Task to complete: Print the lines in the listing below starting at the line with "Hivatal által, 38x23cm" and ending at the line with "The artistry of", both included. Reproduce them exactly and omit every picture.

Task input:
[Start of Attachment]
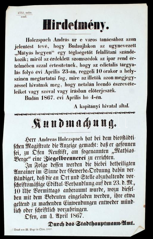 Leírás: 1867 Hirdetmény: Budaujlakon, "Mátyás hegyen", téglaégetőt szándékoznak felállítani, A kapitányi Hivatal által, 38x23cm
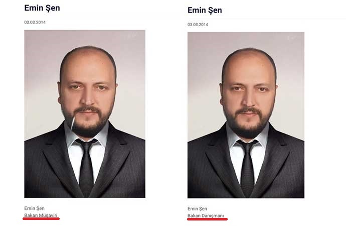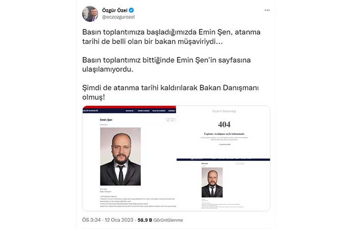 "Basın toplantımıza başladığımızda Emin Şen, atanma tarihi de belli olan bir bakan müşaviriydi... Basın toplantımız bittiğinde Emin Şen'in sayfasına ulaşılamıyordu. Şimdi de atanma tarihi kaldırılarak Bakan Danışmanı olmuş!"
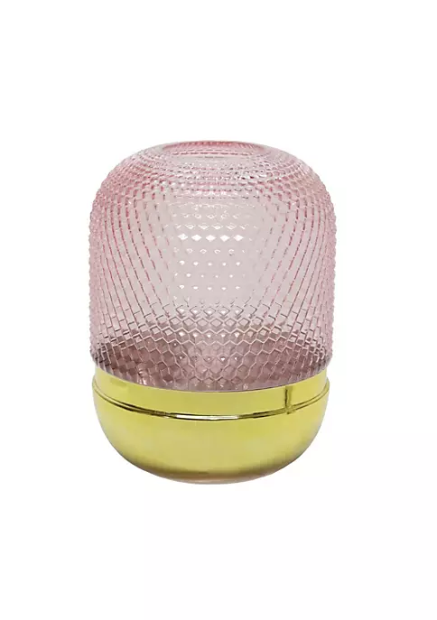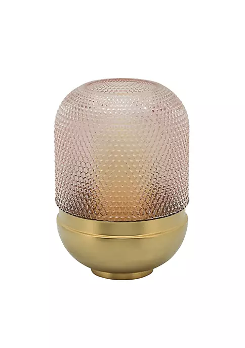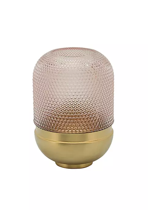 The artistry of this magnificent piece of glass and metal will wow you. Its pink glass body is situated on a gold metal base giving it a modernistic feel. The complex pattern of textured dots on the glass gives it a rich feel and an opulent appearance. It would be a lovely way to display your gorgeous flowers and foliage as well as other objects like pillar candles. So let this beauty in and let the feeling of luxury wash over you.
[End of Attachment]
[Start of Attachment]
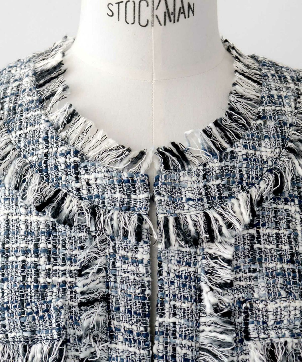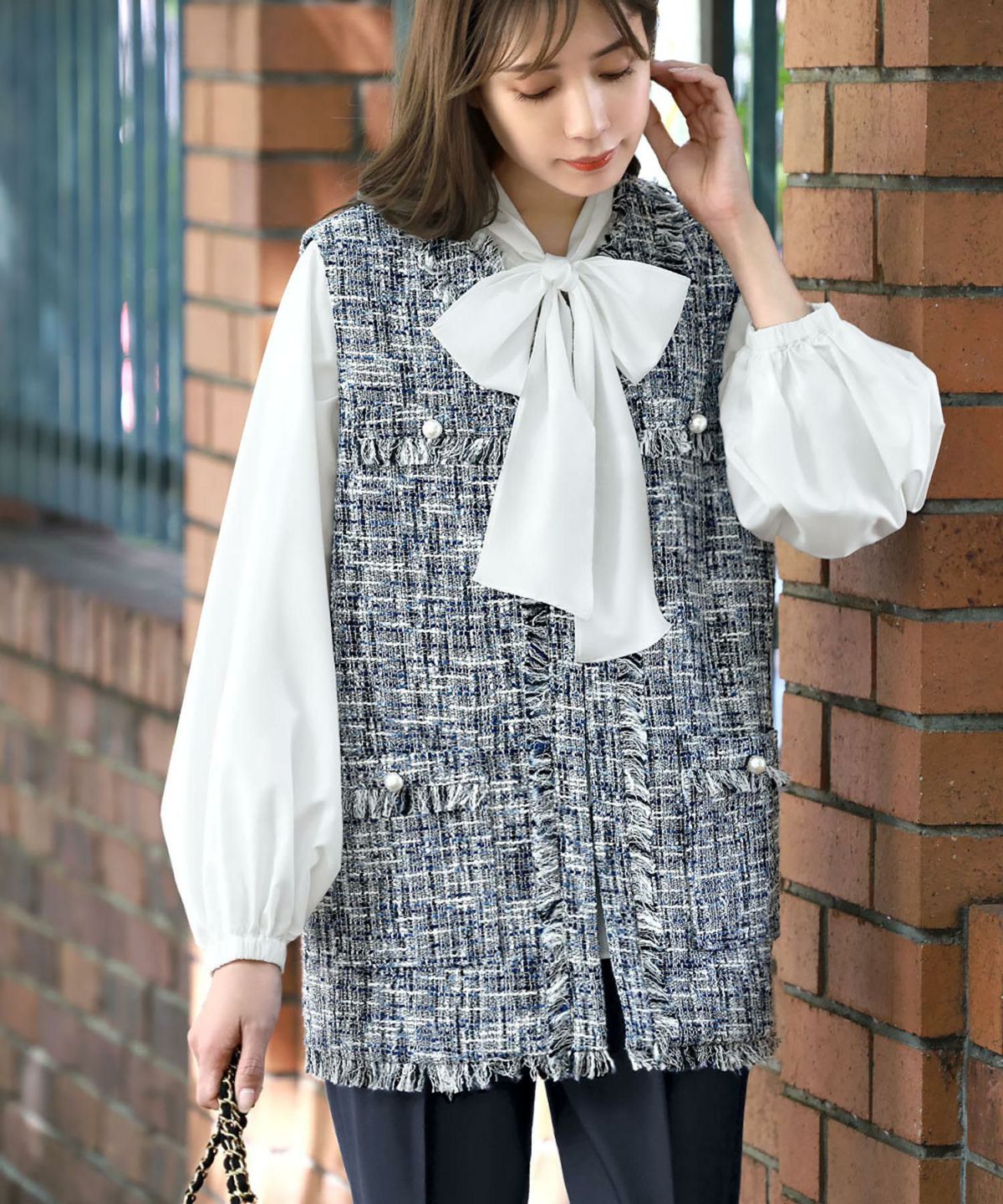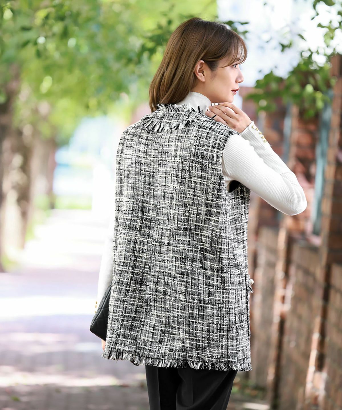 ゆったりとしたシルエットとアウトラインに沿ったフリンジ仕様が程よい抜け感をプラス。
[End of Attachment]
Answer space:
 Leírás: 1867 Hirdetmény: Budaujlakon, "Mátyás hegyen", téglaégetőt szándékoznak felállítani, A kapitányi Hivatal által, 38x23cm
 "Basın toplantımıza başladığımızda Emin Şen, atanma tarihi de belli olan bir bakan müşaviriydi... Basın toplantımız bittiğinde Emin Şen'in sayfasına ulaşılamıyordu. Şimdi de atanma tarihi kaldırılarak Bakan Danışmanı olmuş!"
 The artistry of this magnificent piece of glass and metal will wow you. Its pink glass body is situated on a gold metal base giving it a modernistic feel. The complex pattern of textured dots on the glass gives it a rich feel and an opulent appearance. It would be a lovely way to display your gorgeous flowers and foliage as well as other objects like pillar candles. So let this beauty in and let the feeling of luxury wash over you.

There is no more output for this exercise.